Write out exactly the lines below from the one containing "Skauts formastērpā pie" to the last, both ends kept, and nothing more; skip all pictures.
** Opening DATASET EXCERPT block **
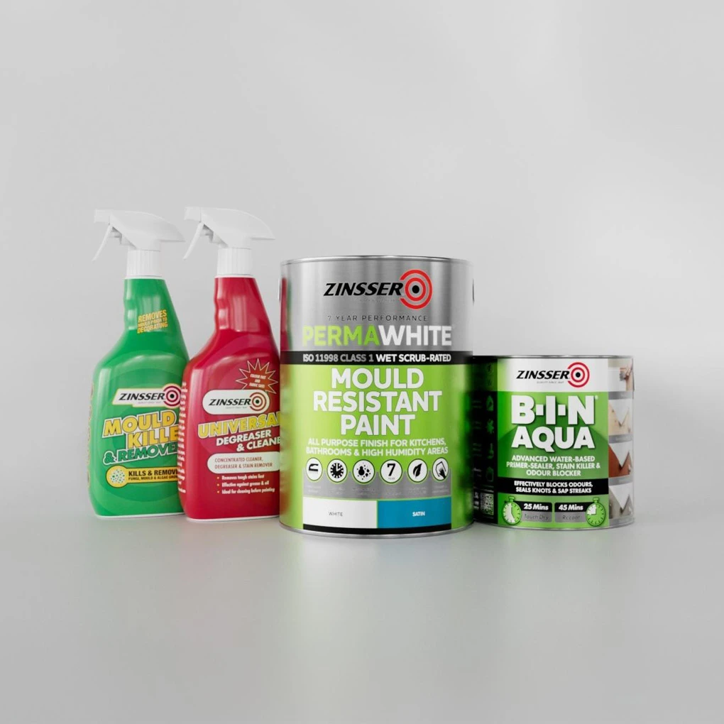Zinsser Permawhite also comes in matt and satin finishes, ideal for kitchens, bathrooms and any other areas prone to high humidity and poor air circulation.
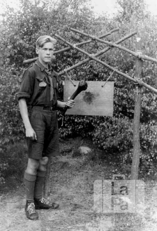 Skauts formastērpā pie signālu klabatām Tērvetes novadu skautu kopnieku un gaidu kopnieču kursos Birstaliņā pie Tērvetes nometnes Oldenburgā (angļu zonā).
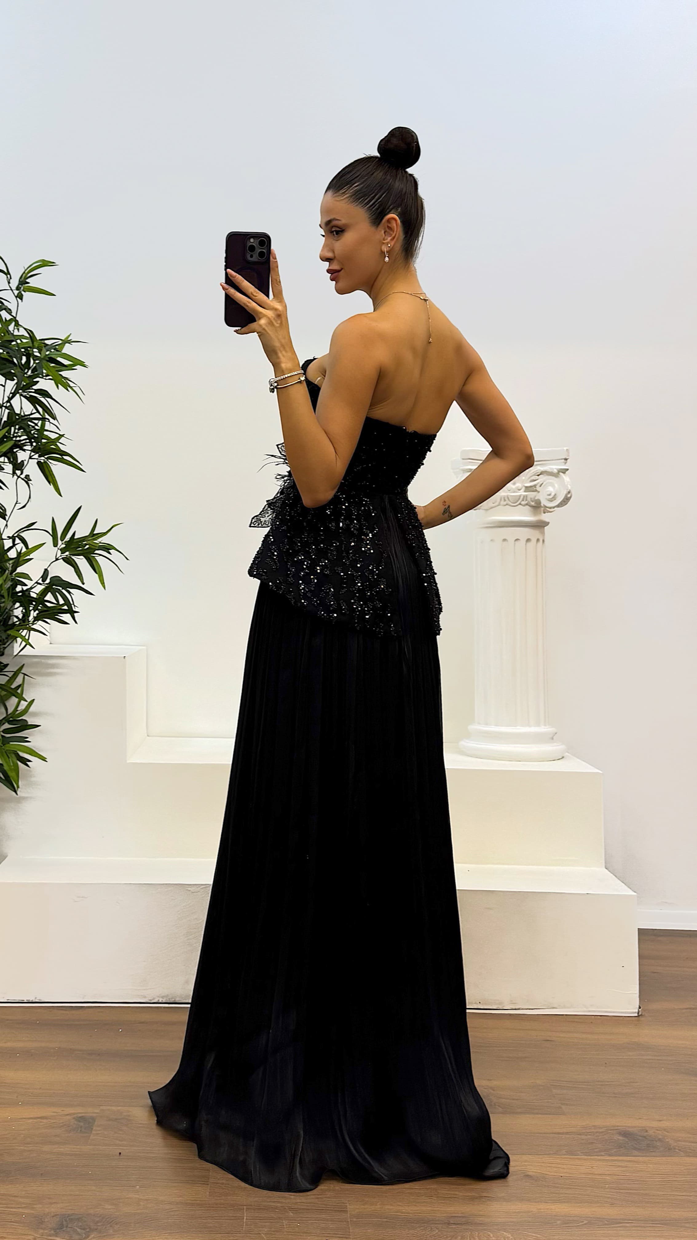 Strapless pleated embroidered evening dress The product is suitable for sizes 36-42, with breast pads, lined, back zipper closure, embroidered, and pleated. The length of the product is 160 cm. Fabric type: chiffon 66% viscose, 34% polyester.
** Closing DATASET EXCERPT block **
> [SOLUTION TO THIS TASK]
 Skauts formastērpā pie signālu klabatām Tērvetes novadu skautu kopnieku un gaidu kopnieču kursos Birstaliņā pie Tērvetes nometnes Oldenburgā (angļu zonā).
 Strapless pleated embroidered evening dress The product is suitable for sizes 36-42, with breast pads, lined, back zipper closure, embroidered, and pleated. The length of the product is 160 cm. Fabric type: chiffon 66% viscose, 34% polyester.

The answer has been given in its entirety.